Gentlemen, draw your laser pointers!
When the non-profits Foresight Institute, Open Longevity, and Say Forever had the idea to hold debates on the best strategy to defeat aging, there was little question about whom they should invite first. Aubrey de Grey, head of LEV Foundation and one of the faces of the longevity field, and Peter Fedichev, CEO of Gero and a rising star in the same field, already had an impromptu debate last year in Zuzalu, the longevity/crypto/AI-themed pop-up city in Montenegro. I had the honor to witness that clash of titans, which kept a small but dedicated crowd on its toes for more than two hours.
The impromptu debate in Zuzalu. Photo: Arkadi Mazin
Now, almost exactly a year later, the two scientists agreed to settle the score, with a panel of five esteemed judges and a $10,000 prize at stake. The debate mostly clarified the participants’ positions, which turned out to share many similarities but also some important differences. What is undebatable, though, is that this was one of the most fascinating and eye-opening longevity-related events of the year and that such debates should become a frequently honored tradition.

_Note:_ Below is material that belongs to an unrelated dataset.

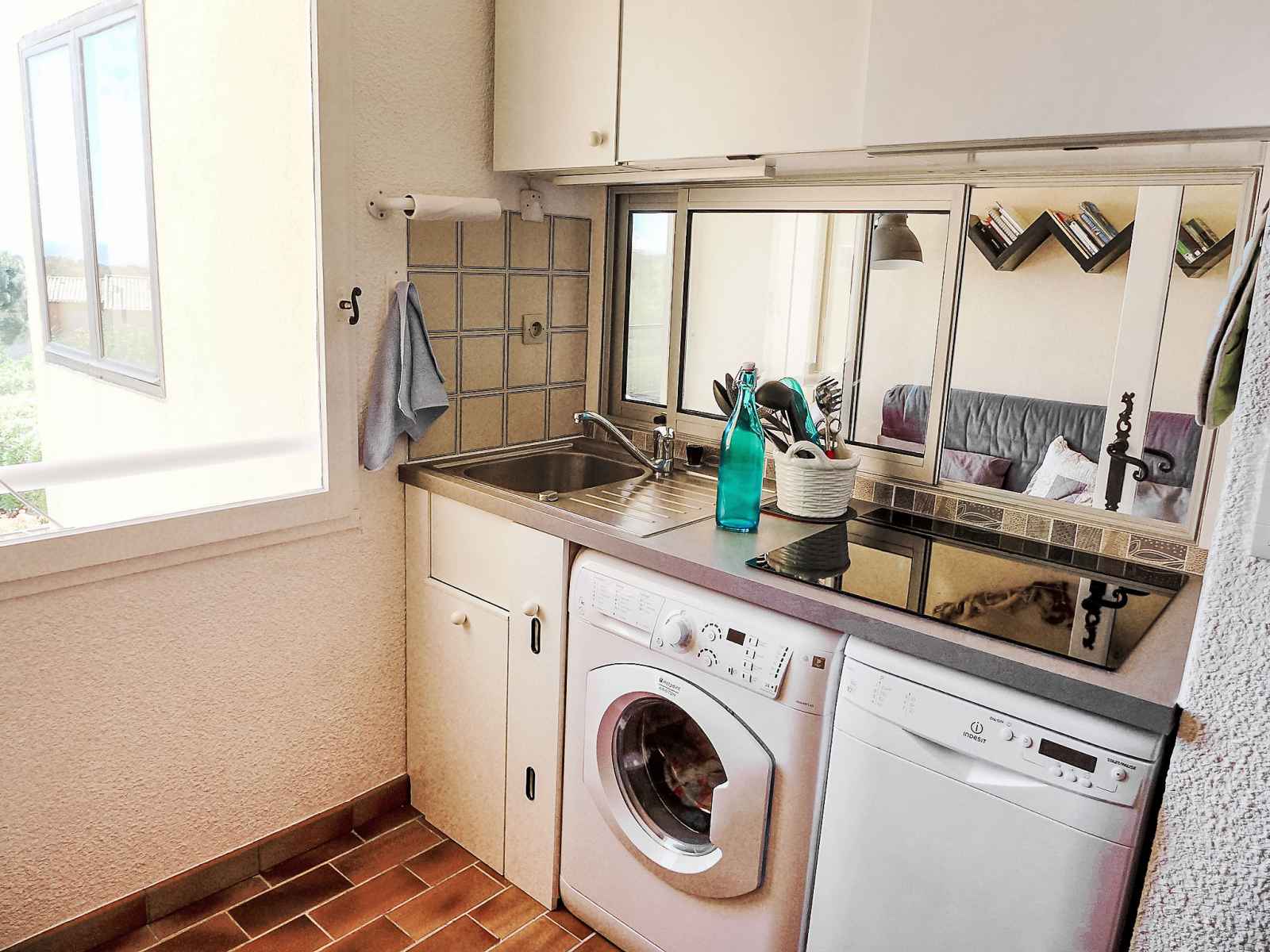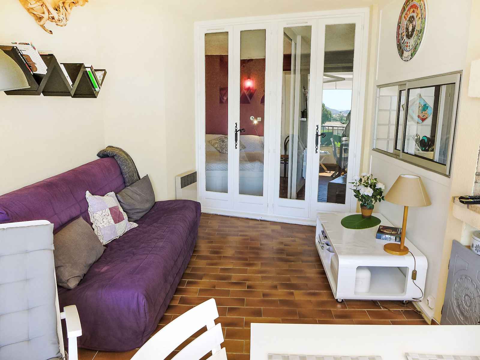 bouilloire électrique, micro-ondes, cafetière électrique). Salle de bains, WC séparé. Chauffage électrique. Terrasse 5 m2, couverte. Meubles de terrasse. Vue sur la mer. A disposition: lave-linge, fer à repasser, sèche-cheveux. Internet (Connexion WIFI, en sus). Place de parking No 28. Veuillez noter: maximum 1 animal/ chien autorisé. Détecteur de fumée. Au lieu d'une chambre fermée, des espaces de couchage sont situés dans une zone ouverte (galerie, alcôve...). 83048 000189 UO

The jury included Prof. David Furman (Buck/Stanford), Prof. Dorota Skowronska-Krawczyk (UCI), Prof. Guo Huang (UCSF), Prof. Thomas Stoeger (Northwestern), and Prof. Mattew Yosefzadeh (Columbia).
At the center of the disagreement was our ability to reverse aging in the near future. Aubrey is much more optimistic about that than Peter. From that rather straightforward point, the journey down the rabbit hole began.
The importance of education
Aubrey took the stage first, focusing this initial part of his talk on the current longevity ecosystem rather than the science of aging reversal. The first thing we can do to extend the human lifespan, he said, is education. In this context, he mentioned several organizations, including Longevity Biotech Fellowship, which educates people seeking a career in longevity, and lifespan.io, which he called “a fantastic, really important organization”.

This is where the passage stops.